— О, конечно… Имоджин делает тебя неуправляемым. Должен признаться, это ставит меня в тупик, но мы что-нибудь придумаем, что-нибудь не имеющее отношения к тому, на ком ты женишься. А женишься ты на моей дочери. Объявим об этом публично на Ассамблее. Герцогство ты получишь в день помолвки.
Чувствуя, как его захлестывает волна паники, сенешаль попытался изобразить приличествующую случаю радость. Но… у него ничего не получалось, и Конрад видел это.
— Маркус, я же меняю твою судьбу.
— Да, сир.
Маркус принужденно улыбнулся. В годы юности он продал бы душу за то, что ему только что предложили; однако сейчас мог думать лишь о том, что снова теряет Имоджин. И, хуже того, тот, кто ее получит, может после первой же брачной ночи выставить ее вон. Многие женихи закрыли бы глаза на то, что она не девственница, ради ее богатого приданого, но только не праведный Виллем. Если она достанется ему, он ни за что не простит ее.
Маркус из кожи вон лез, пытаясь выглядеть исполненным благодарности, но Конрад слишком хорошо его знал.
— Не зли меня, Маркус, — сказал он сквозь стиснутые зубы. — Возвращайся к себе, поразмышляй о том, как необыкновенно тебе повезло, и не выходи оттуда, пока не осознаешь, в каком ты долгу передо мной.
Выйдя из спальни императора на галерею, ведущую к лестнице в зал, Маркус уже не пытался скрыть охватившее его отчаяние. На мгновение он остановился, разрываясь между желанием вернуться, с мольбой пасть к ногам Конрада или броситься куда-нибудь, куда угодно, попытаться сделать хоть что-нибудь… но что? Этого он даже представить себе не мог.

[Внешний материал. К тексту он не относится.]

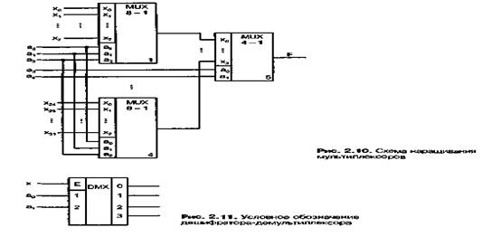 Наращивание размерности мультиплексоров возможно с помощью пирамидальной структуры из нескольких мультиплексоров. При этом первый ярус схемы представляет собою столбец, содержащий столько мультиплексоров сколько необходимо для получения нужного числа информационных входов. Все мультиплексоры столбца адресуются одним и тем же кодом, составленным из соответствующего числа младших разрядов общего адресного кода (если число информационных входов схемы равно 2П, то общее число адресных разрядов равно п. младшее поле ni адресного кода используется для адресации мультиплексоров первого яруса). Старшие разряды адресного кода, число которых равно п – п^ используются во втором ярусе, мультиплексор которого обеспечивает поочередную работу мультиплексоров первого яруса на общий выходной канал.
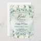 Boho watercolor white roses eucalyptus gold frame Bridal Shower invitation
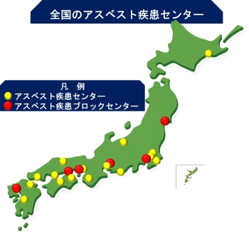 当機構では、従前からアスベスト(石綿)関連疾患に係る特殊健診、診断及び治療等に取り組んでまいりましたが、平成17年6月にアスベストばく露による健康問題が表面化し、政府の閣議決定(平成17年7月)に基づく「アスベスト問題への当面の対応」(アスベスト問題に関する関係閣僚会合とりまとめ)を受け、アスベスト関連疾患の診断・治療の中核となる医療機関として、22労災病院に「アスベスト疾患ブロックセンター」「アスベスト疾患センター」を設置し、産業保健総合支援センターとともに、積極的にアスベスト関連疾患への取組を実施しています。
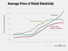 The use of Texas as an example of failed deregulation due to its impact on prices in the Lone Star State is puzzling. As outlined in a recent report by the Michigan Public Service Commission, the average residential retail price of electricity in Michigan increased faster than Texas's over the last decade and remains significantly higher. Texas's rates were about eight cents per kilowatt hour in 2000 and about 11 cents in 2013. Michigan's rates were about 11 cents per kilowatt hour in 2000 and increased to almost 15 cents in 2013, the highest in the Midwest region and 11th highest in the nation.

Он ступил на огороженную винтовую лестницу и начал подниматься, но почти сразу же остановился, удивленно приоткрыв рот: на верхней ступеньке стоял кардинал, явно дожидаясь его.
— Мы никогда особенно не любили друг друга, сенешаль, — негромко сказал Павел. — Однако оба понимаем, что на западе выросла трава, которую нужно вырвать с корнем. Поговорим об этом позже?

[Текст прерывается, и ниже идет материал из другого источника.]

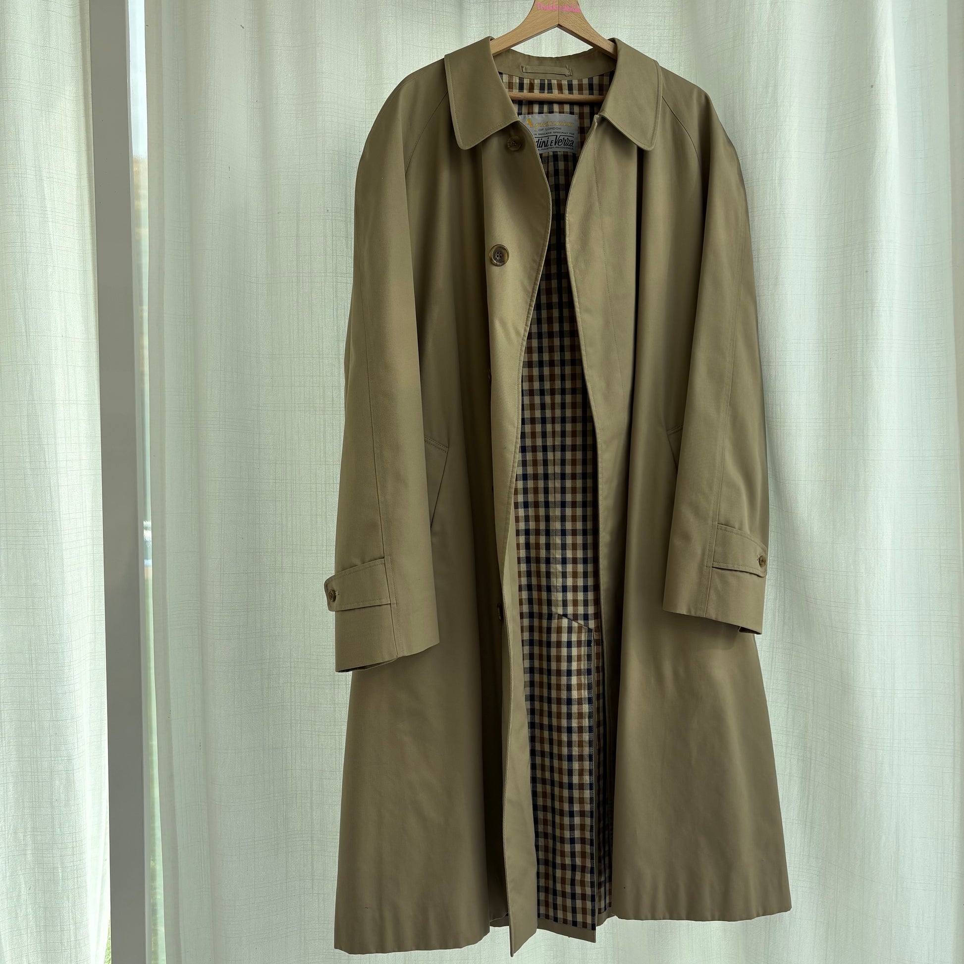 Il classico dei classici inglesi: l’impermeabile Aquascutum! Modello con spalla raglan, senza cintura. Anni 80, quando l’azienda produceva per i negozi autorizzati e personalizzava le etichette !
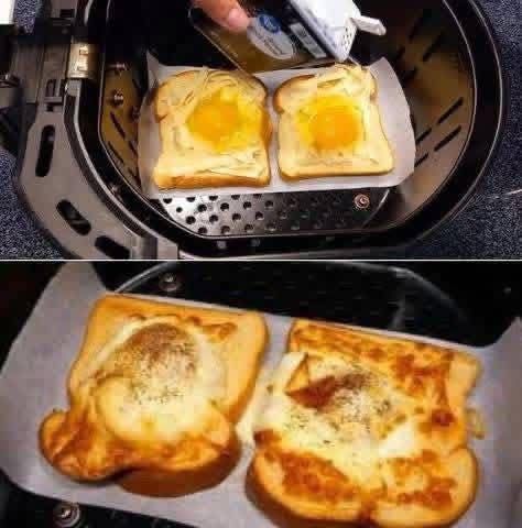 Preparation time and intensityPreparation time : 5 minutesCooking time : 8 minutesDifficulty : EasyIngredients (for 1 serving)1 slice of bread1 egg1 teaspoon of olive oil or a knob of butter (optional)Salt and pepper to tasteOptional toppings: avocado, grated cheese , fresh herbs, etc.InstructionsPrepare the breadTake a slice of bread and make a small hole in the center using a cookie cutter or a glass.Prepare the air fryerPreheat your air fryer to 180°C (350°F) for 2 minutes.Assemble the toastPlace the slice of bread in the air fryer basket.Lightly brush the bread with olive oil or butter to make it crispy (optional).Crack the egg and gently pour it into the hole in the bread. Season with salt and pepper.CookCook in the air fryer for 6 to 8 minutes, depending on the desired consistency of the yolk (barely runny or well cooked).ServeRemove the toast from the fryer with a spatula. Add your choice of toppings such as avocado slices, grated cheese, or fresh herbs.Serve immediately.Nutritional information (per serving)Calories: 180 kcalProtein: 10gCarbohydrates: 15 gLipids: 8 gFiber: 1 gSugar: 1 gSodium: 200 mg
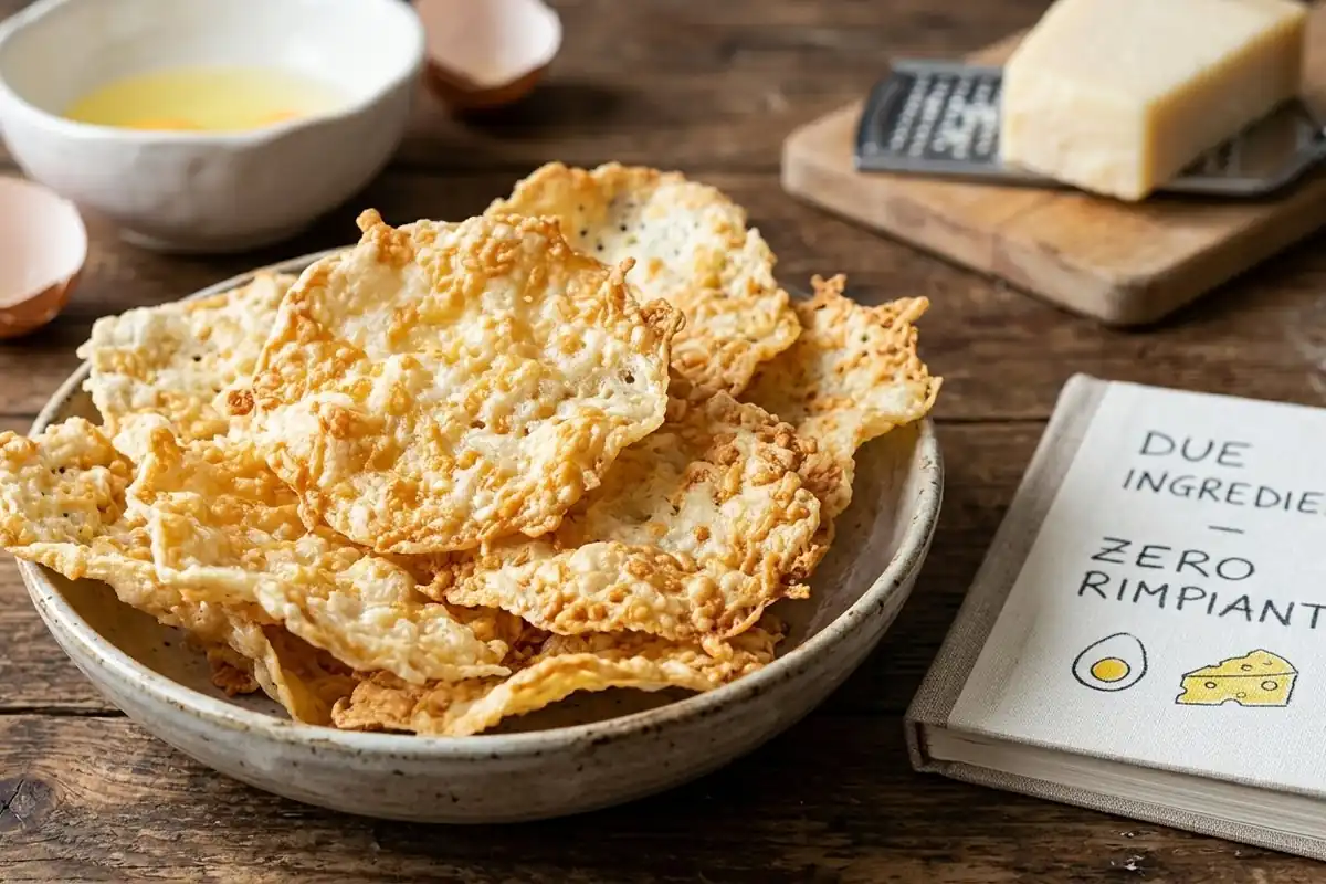 Ho cambiato completamente registro: questa volta faccio uno snack keto da lunedì, qualcosa di pratico che si prepara in pochi minuti e risolve quella voglia di sgranocchiare a metà mattina o nel pomeriggio. Protagoniste: le chips di albumi e pecorino, due soli ingredienti, croccantissime, zero sensi di colpa.

«Вот до чего дошло, — подумал Маркус, глядя в светло-голубые глаза, так пугающе похожие на глаза его господина. — Неужели я способен действовать заодно с одним из самых мерзких людей, которых когда-либо знал?» И что-то внутри у него умерло, когда он осознал: да, способен.
На закате, к изумлению Эрика, они добрались до Монбельяра.
— А ведь мы поднялись в нагорья! — воскликнул он, когда они остановились у поместья, возвышающегося над городом. — Это дальше, чем мы проскакали за первый день с Виллемом.
Лошади у них совсем вымотались.
Линор выглядела утомленной, но довольной и явно гордилась собой. Она подняла вуаль: вокруг глаз залегли тени усталости, но в остальном она, как обычно, была прелестна.